• **How to complete this task**: For the data that follows, return each line unchanged and drop the pictures.

• **Dataset records**:
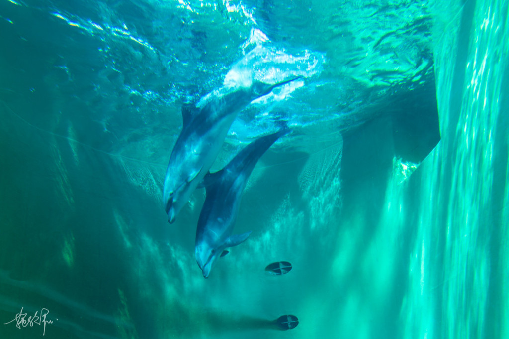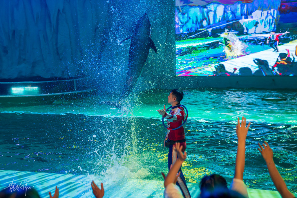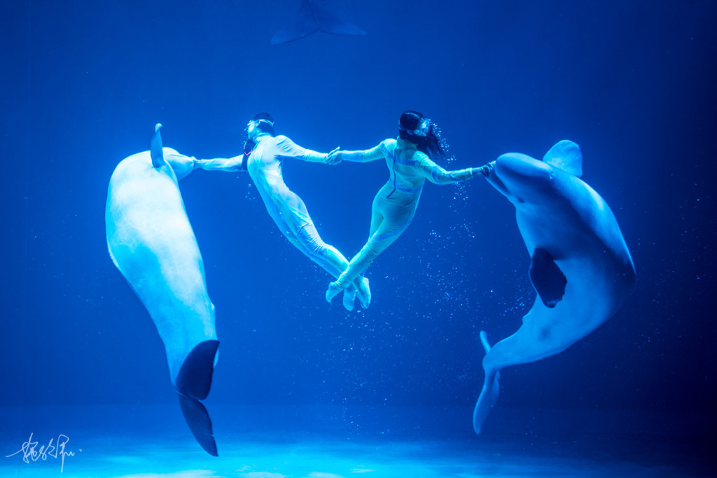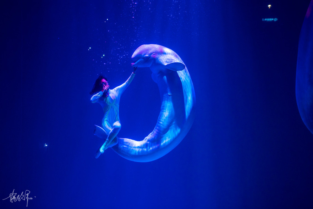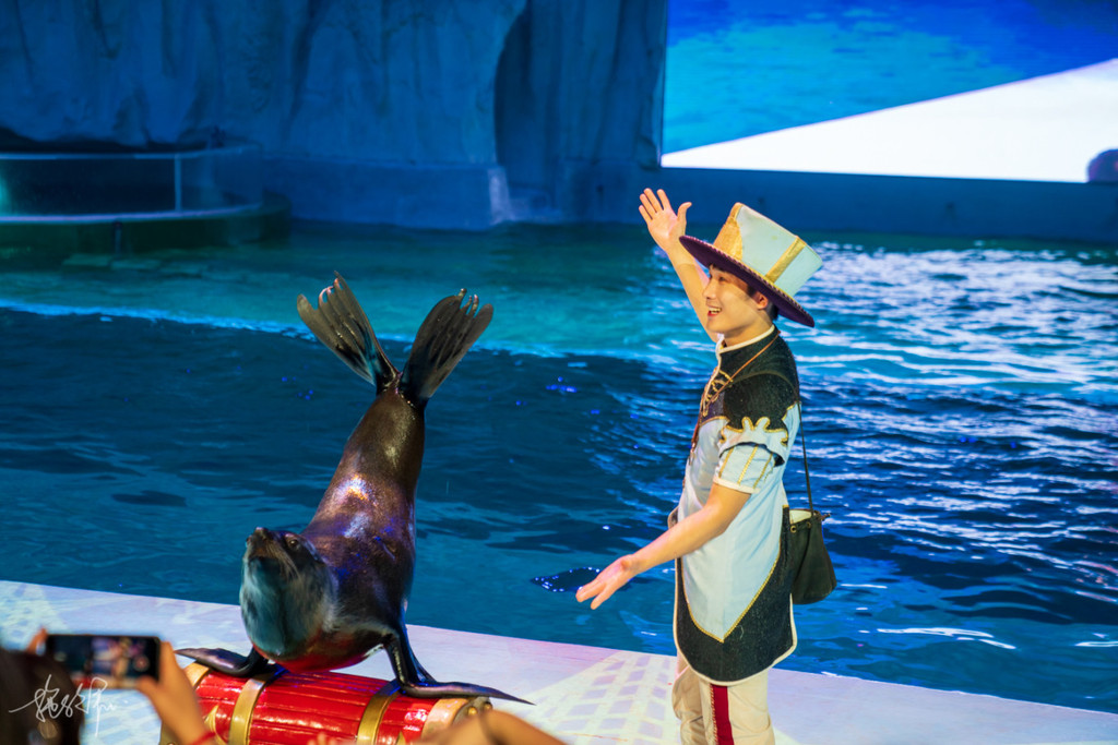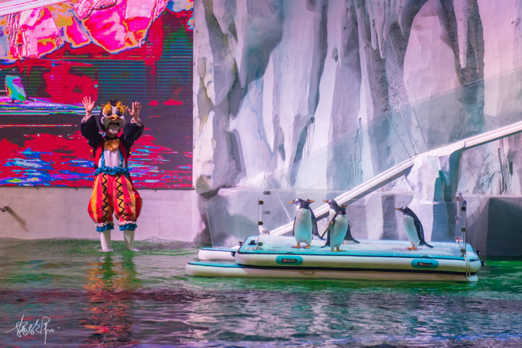 整个极地公园最值得看也是名气最大的是“海洋之心”,是一场轰动了世界的白鲸水下表演秀,这是一个高难度的由两位驯养师与白鲸宝贝一起完成的动作。在一片蓝色的汪洋之中,人与白鲸拥吻,整个画面呈现出心形,看完了这场白鲸秀整个人都被治愈了。
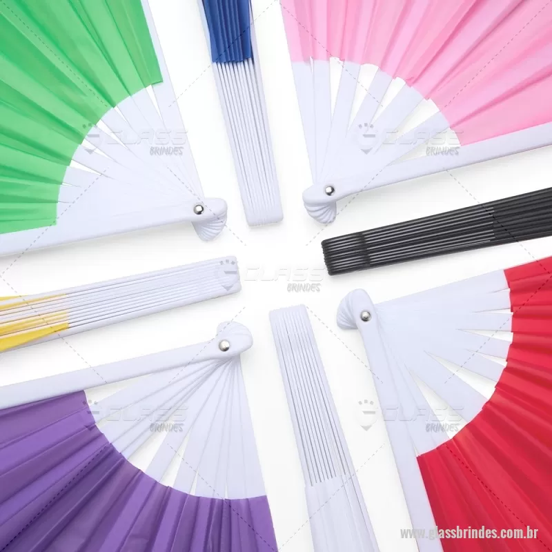 Leque confeccionado com estrutura em plástico resistente e revestimento em tecido tafetá. Leve, prático e ideal para proporcionar frescor em dias quentes, sendo fácil de transportar e usar no dia a dia. - - GLAFEM122
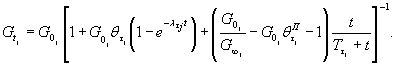 где G¥j, - модуль сдвига при t ® ¥, θПτj, λτj, Тτj-параметры ползучести при сдвиге; Δδ (t) - горизонтальное (угловое) перемещение внешнего контура кольцевого целика (штампа) в момент времени t.
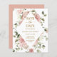 De très jolies roses roses roses poussiéreuses créent un cadre pour entourer votre enregistrement des détails de la date. Le texte Gold ajoute à la vibe glam.
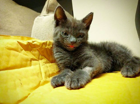 Wolfie was rescued after living behind a building with his siblings on Skid Row in Downtown Los Angeles. From the moment he arrived in his new home, there was always something different about Wolfie. He was a very sickly kitten, and his mom eventually discovered that he was born with a severely kinked esophagus. Once he started eating an all-liquid diet, he became much healthier, and has now transformed into the funniest, sweetest cat.
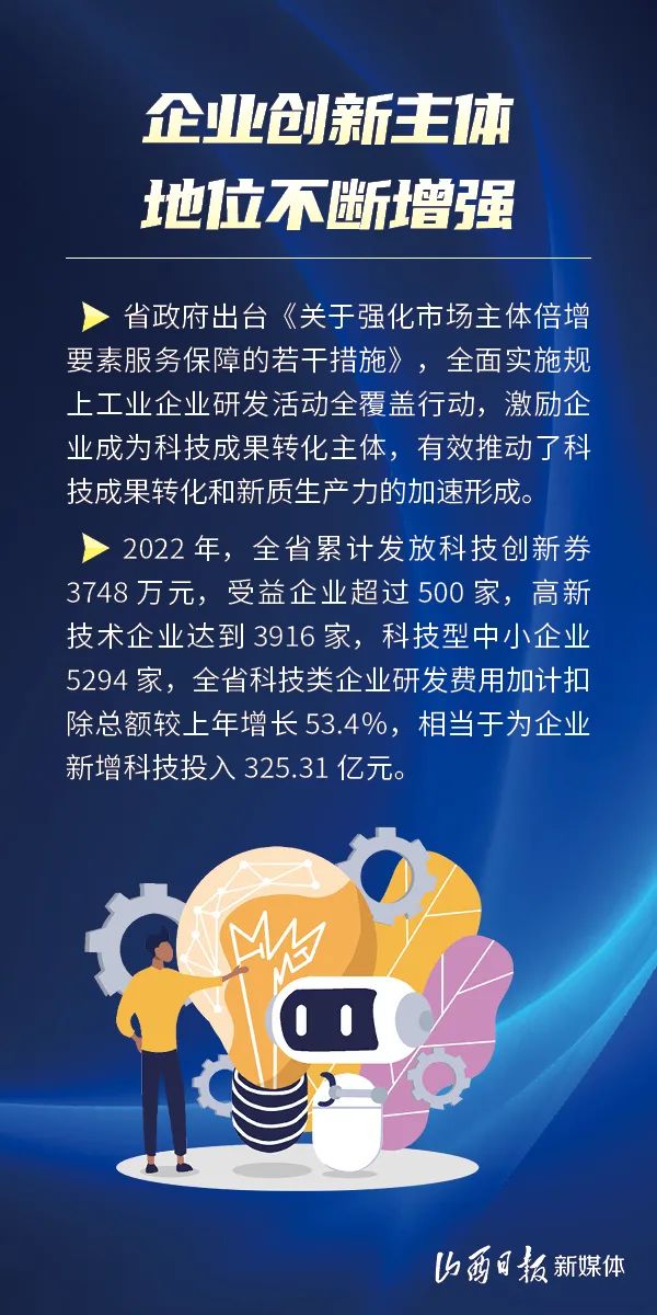 制定出臺(tái)激勵(lì)科技成果轉(zhuǎn)化法規(guī)政策24個(gè)、技術(shù)合同交易總額實(shí)現(xiàn)五年翻番、科技成果轉(zhuǎn)化引導(dǎo)專項(xiàng)五年累計(jì)投入2.21億元……近年來,我省科技成果轉(zhuǎn)化堅(jiān)持新發(fā)展理念,加速科技成果在晉落地轉(zhuǎn)化和產(chǎn)業(yè)化,取得顯著成效。

• **Result of this task**:
 整个极地公园最值得看也是名气最大的是“海洋之心”,是一场轰动了世界的白鲸水下表演秀,这是一个高难度的由两位驯养师与白鲸宝贝一起完成的动作。在一片蓝色的汪洋之中,人与白鲸拥吻,整个画面呈现出心形,看完了这场白鲸秀整个人都被治愈了。
 Leque confeccionado com estrutura em plástico resistente e revestimento em tecido tafetá. Leve, prático e ideal para proporcionar frescor em dias quentes, sendo fácil de transportar e usar no dia a dia. - - GLAFEM122
 где G¥j, - модуль сдвига при t ® ¥, θПτj, λτj, Тτj-параметры ползучести при сдвиге; Δδ (t) - горизонтальное (угловое) перемещение внешнего контура кольцевого целика (штампа) в момент времени t.
 De très jolies roses roses roses poussiéreuses créent un cadre pour entourer votre enregistrement des détails de la date. Le texte Gold ajoute à la vibe glam.
 Wolfie was rescued after living behind a building with his siblings on Skid Row in Downtown Los Angeles. From the moment he arrived in his new home, there was always something different about Wolfie. He was a very sickly kitten, and his mom eventually discovered that he was born with a severely kinked esophagus. Once he started eating an all-liquid diet, he became much healthier, and has now transformed into the funniest, sweetest cat.
 制定出臺(tái)激勵(lì)科技成果轉(zhuǎn)化法規(guī)政策24個(gè)、技術(shù)合同交易總額實(shí)現(xiàn)五年翻番、科技成果轉(zhuǎn)化引導(dǎo)專項(xiàng)五年累計(jì)投入2.21億元……近年來,我省科技成果轉(zhuǎn)化堅(jiān)持新發(fā)展理念,加速科技成果在晉落地轉(zhuǎn)化和產(chǎn)業(yè)化,取得顯著成效。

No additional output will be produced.